花巻東高校で高校通算140本塁打の日本記録を樹立し、米スタンフォード大に進学した佐々木麟太郎(21)の去就が話題となっている。NPBのソフトバンクからの指名を断り、MLB入りを決断したのだ。ライターの広尾晃さんは「日本の有望なアマチュア選手たちの本格的な人材流出のターニングポイントになるだろう」という――。
米大リーグ、マーリンズの入団記者会見に臨む佐々木麟太郎=2026(令和8)年7月23日、米マイアミ
写真提供=岩手日報/共同通信イメージズ
米大リーグ、マーリンズの入団記者会見に臨む佐々木麟太郎=2026(令和8)年7月23日、米マイアミ

日本での1億円よりメジャーの3500万円を選んだ

2026年のMLBアマチュアドラフトは7月11日(日本時間12日)から2日間行われ、注目の佐々木麟太郎(スタンフォード大)は8巡目、全体235位でナショナルリーグ東地区所属のマイアミ・マーリンズが指名した。

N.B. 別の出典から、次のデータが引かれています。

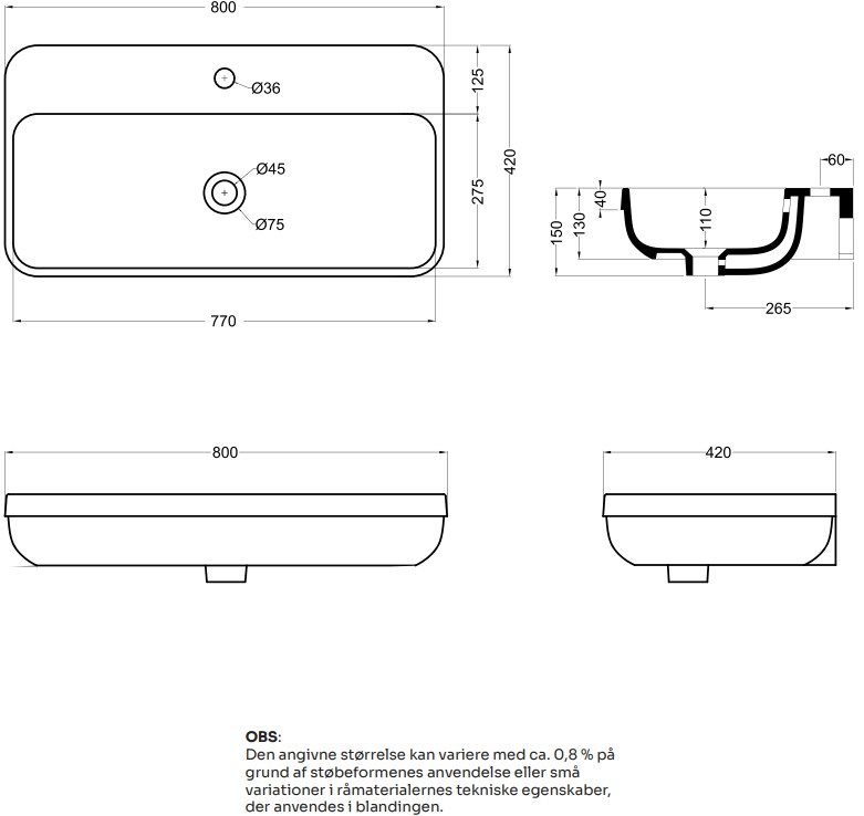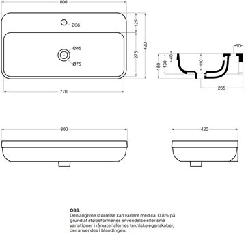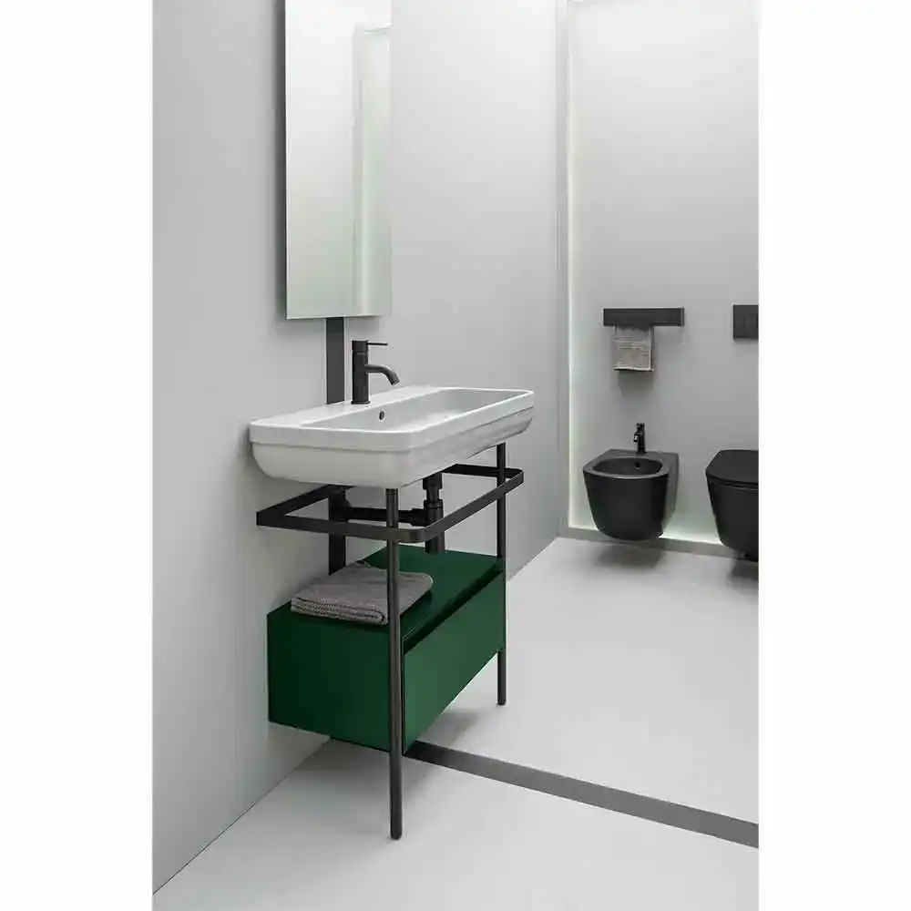 Legacy 80 håndvasken kan enten vægmonteres, placeres på en bordplade eller monteres på et stålmodul (bestillingsvare).

佐々木は、2025年のNPBドラフトでソフトバンクとDeNAの2球団から1位指名を受け、くじ引きの結果、ソフトバンクが交渉権を獲得していた。

NPBのドラフト選手の契約金の上限は1億円+出来高5000万円に対し、MLB8巡目の相場は3500万円ほど。金額面で大きな差があるが、佐々木はMLBを選んだ。日米の選手獲得市場を考えるとき、この選択は「分水嶺」になるのではないかと思う。

佐々木は、花巻東高校(岩手)・佐々木洋監督の長男。つまり大谷翔平(ドジャース)の恩師の子であり、中学時代は大谷の父・徹さんが監督を務める金ケ崎リトルシニアでプレーした。大谷と極めて深い縁がある。花巻東時代は通算140本塁打。2年春、3年夏の甲子園にも出場し、プロも注目するスラッガーへと成長したが、プロ志望届は出さず、スタンフォード大学を受験。世界でも屈指の超難関校に合格した。